Projekt „Czuję miętę do Lublina” jest realizowany przez Fundację „Szpilka”. To cykl imprez kulturalnych w ramach przygotowań do uroczystości 700-lecia nadania praw miejskich Lublinowi – co 15 sierpnia 1317 roku uczynił książę Władysław Łokietek, późniejszy król Polski.
Każda edycja przedsięwzięcia odbywać się będzie co roku w lipcu. „Celem projektu jest inicjowanie działań kulturalnych skupionych wokół Lublina i zachęcanie mieszkańców miasta oraz turystów odwiedzających Lublin do wspólnego przygotowania się do obchodów” – tłumaczą organizatorzy.
W tym roku w ramach projektu „Czuje miętę do Lublina” w klasztorze ojców dominikanów odbyły się wykłady o dziejach miasta i jego mozaice kulturowej oraz warsztaty fotograficzne, decoupage i mix technik. Lublinianie i turyści mogli też zwiedzić zabudowania klasztorne.
„Nasz klasztor znajduje się w samym sercu miasta, a dominikanie są bardzo rozpoznawalni w Lublinie. Na pewno od początku tworzymy to miasto poprzez kształtowanie jego ducha” – mówi o. Grzegorz Kluz, przeor lubelskich dominikanów.

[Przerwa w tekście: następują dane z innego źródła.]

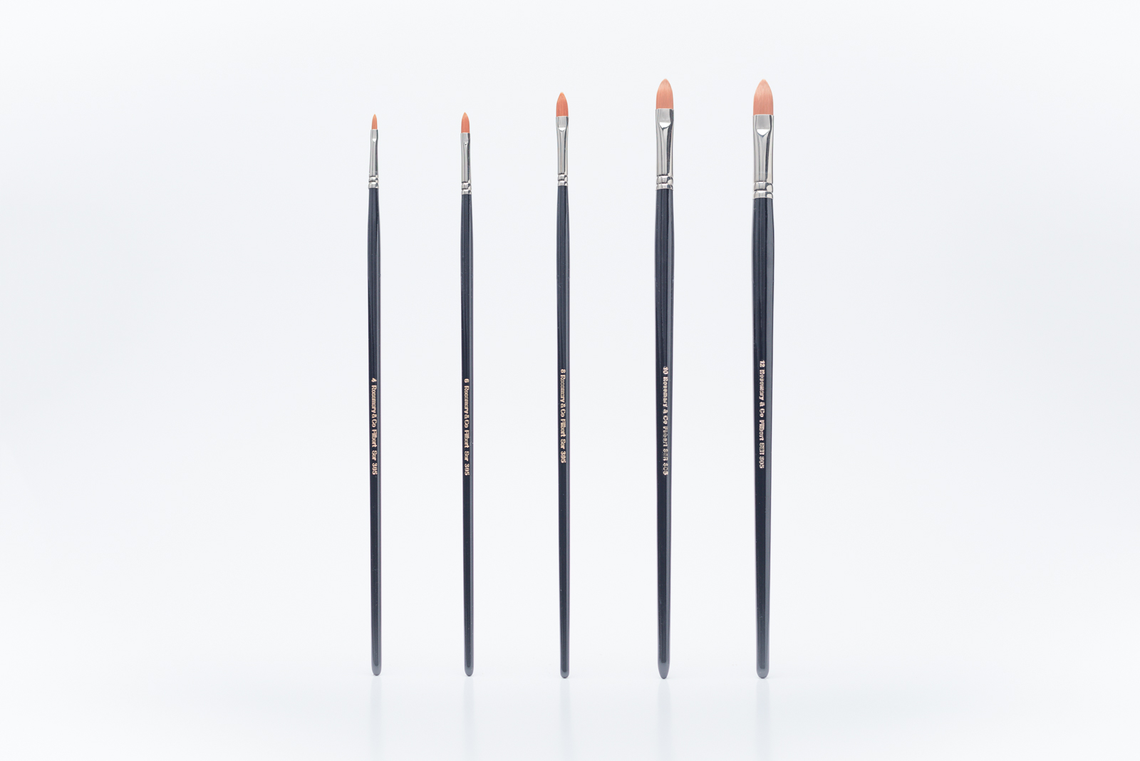 Rosemary maakt al 39 jaar penselen. Rosemary Thompson over haar merk: Ik heb het geluk dat ik door mijn beroep de wereld rond heb kunnen reizen, zowel op zoek naar materialen als naar verschillende productiestijlen. Dankzij deze bronnen vind ik mijn eigen methoden voor het maken van penselen en train ik mijn team ‘op mijn manier’. Ik heb een team van zeer bekwame penseelmakers opgeleid om dit voorbeeld te volgen.
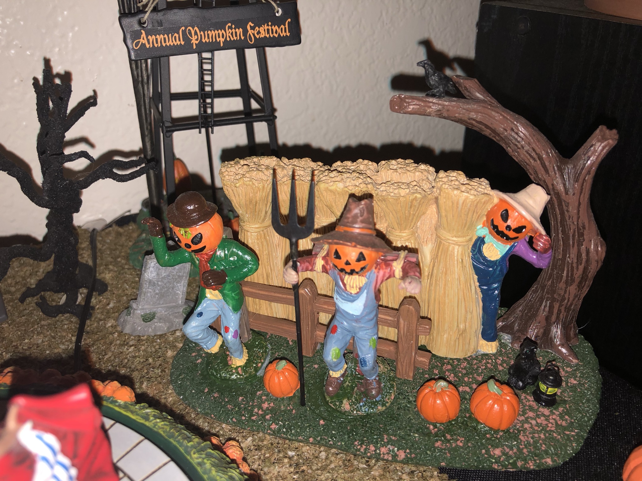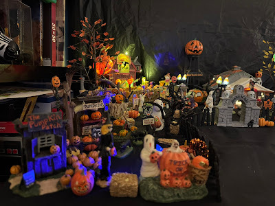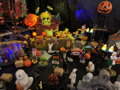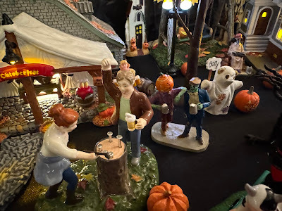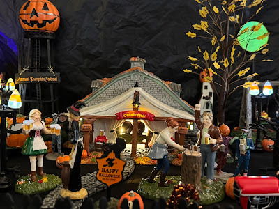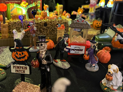 Lemax and Dept. 56, for those not as deeply ensconced in the holiday village display lifestyle, are the two major companies that produce such decorations. Ever year, they hit us with a fresh wave of autumnal delights, from the cute and wholesome to the gruesome, macabre...and still somehow wholesome. I think the wholesomeness is sort of baked into these types of hobbies. And because those of us who pursue this very niche passion need time to plot these things out, the new figurines, houses, etc. are released many months ahead of time.

Znajdujący się na lubelskiej Starówce klasztor dominikanów jest jednym z najstarszych w Polsce. Bracia Zakonu Kaznodziejskiego przybyli tutaj w 1253 roku – w tym samym, co do Poznania. Wcześniej powstały klasztory w Krakowie, Wrocławiu, Gdańsku i Kamieniu Pomorskim.